Records contained in a dataset
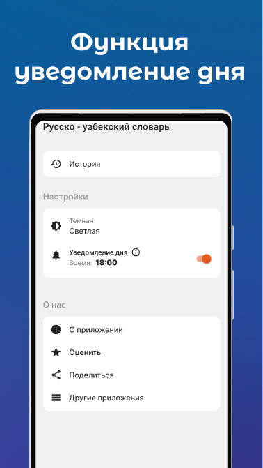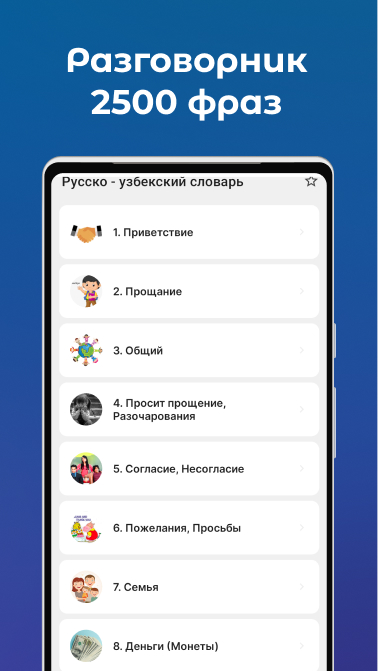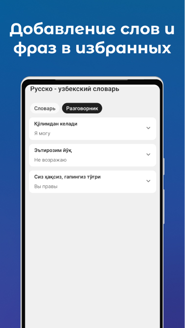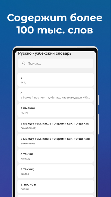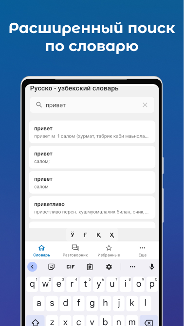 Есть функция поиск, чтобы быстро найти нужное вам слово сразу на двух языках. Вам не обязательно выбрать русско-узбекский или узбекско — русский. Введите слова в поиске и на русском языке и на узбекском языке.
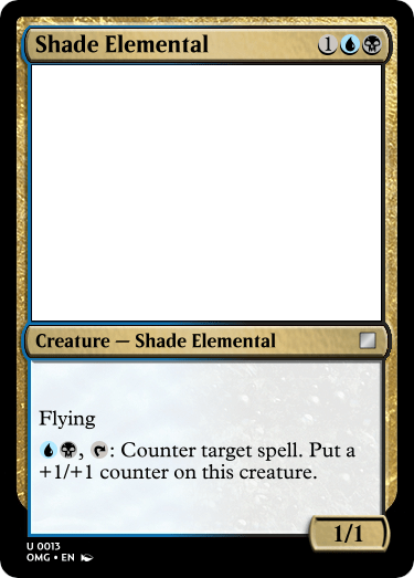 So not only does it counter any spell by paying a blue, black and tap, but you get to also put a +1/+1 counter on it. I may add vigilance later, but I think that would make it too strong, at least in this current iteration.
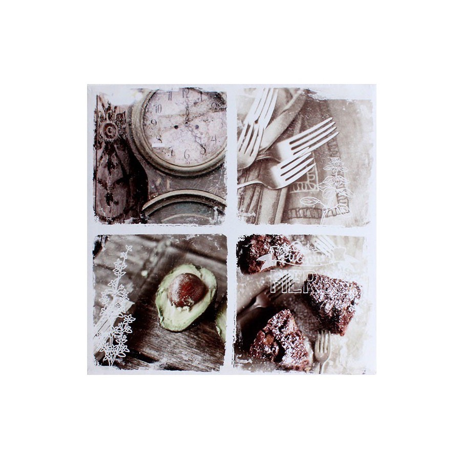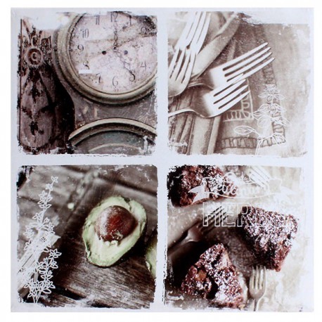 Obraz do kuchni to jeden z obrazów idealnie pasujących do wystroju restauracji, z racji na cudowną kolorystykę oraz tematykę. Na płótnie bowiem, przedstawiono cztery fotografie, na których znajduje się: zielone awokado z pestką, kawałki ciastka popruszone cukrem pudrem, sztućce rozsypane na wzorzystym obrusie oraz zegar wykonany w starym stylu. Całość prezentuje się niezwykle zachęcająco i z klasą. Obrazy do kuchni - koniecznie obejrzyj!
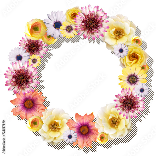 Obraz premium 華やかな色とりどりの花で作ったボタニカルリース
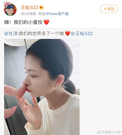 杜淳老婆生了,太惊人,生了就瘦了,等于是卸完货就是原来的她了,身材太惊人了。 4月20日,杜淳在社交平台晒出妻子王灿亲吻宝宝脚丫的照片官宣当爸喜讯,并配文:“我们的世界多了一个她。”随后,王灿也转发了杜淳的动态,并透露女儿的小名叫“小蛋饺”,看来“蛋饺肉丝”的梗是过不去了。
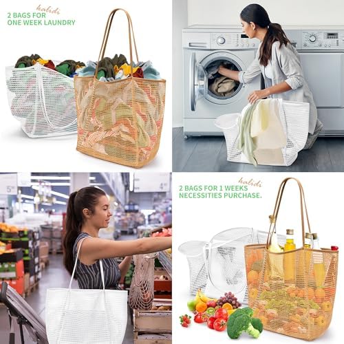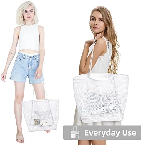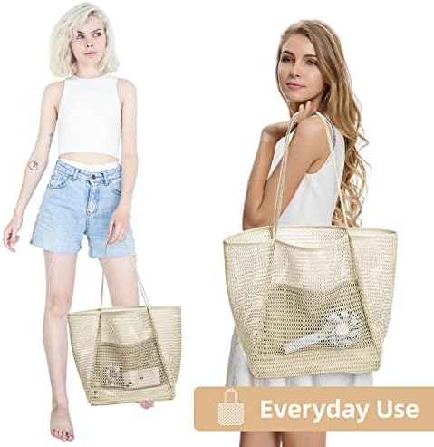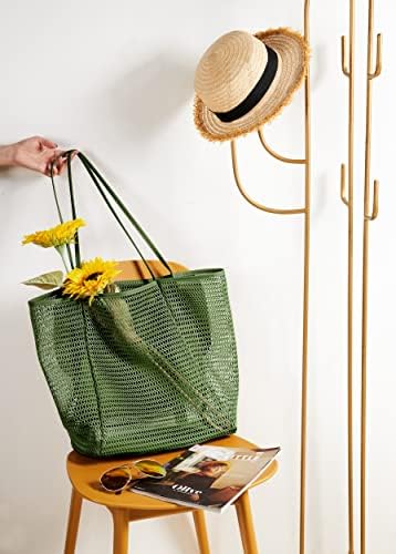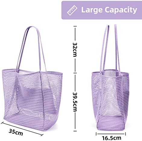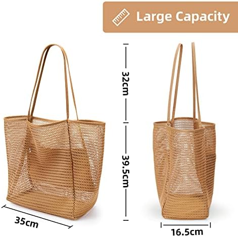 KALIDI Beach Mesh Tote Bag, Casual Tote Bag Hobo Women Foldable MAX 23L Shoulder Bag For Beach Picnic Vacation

Your instructions
All of the records above are to be copied exactly, minus the pictures.

Solution to this exercise
 Есть функция поиск, чтобы быстро найти нужное вам слово сразу на двух языках. Вам не обязательно выбрать русско-узбекский или узбекско — русский. Введите слова в поиске и на русском языке и на узбекском языке.
 So not only does it counter any spell by paying a blue, black and tap, but you get to also put a +1/+1 counter on it. I may add vigilance later, but I think that would make it too strong, at least in this current iteration.
 Obraz do kuchni to jeden z obrazów idealnie pasujących do wystroju restauracji, z racji na cudowną kolorystykę oraz tematykę. Na płótnie bowiem, przedstawiono cztery fotografie, na których znajduje się: zielone awokado z pestką, kawałki ciastka popruszone cukrem pudrem, sztućce rozsypane na wzorzystym obrusie oraz zegar wykonany w starym stylu. Całość prezentuje się niezwykle zachęcająco i z klasą. Obrazy do kuchni - koniecznie obejrzyj!
 Obraz premium 華やかな色とりどりの花で作ったボタニカルリース
 杜淳老婆生了,太惊人,生了就瘦了,等于是卸完货就是原来的她了,身材太惊人了。 4月20日,杜淳在社交平台晒出妻子王灿亲吻宝宝脚丫的照片官宣当爸喜讯,并配文:“我们的世界多了一个她。”随后,王灿也转发了杜淳的动态,并透露女儿的小名叫“小蛋饺”,看来“蛋饺肉丝”的梗是过不去了。
 KALIDI Beach Mesh Tote Bag, Casual Tote Bag Hobo Women Foldable MAX 23L Shoulder Bag For Beach Picnic Vacation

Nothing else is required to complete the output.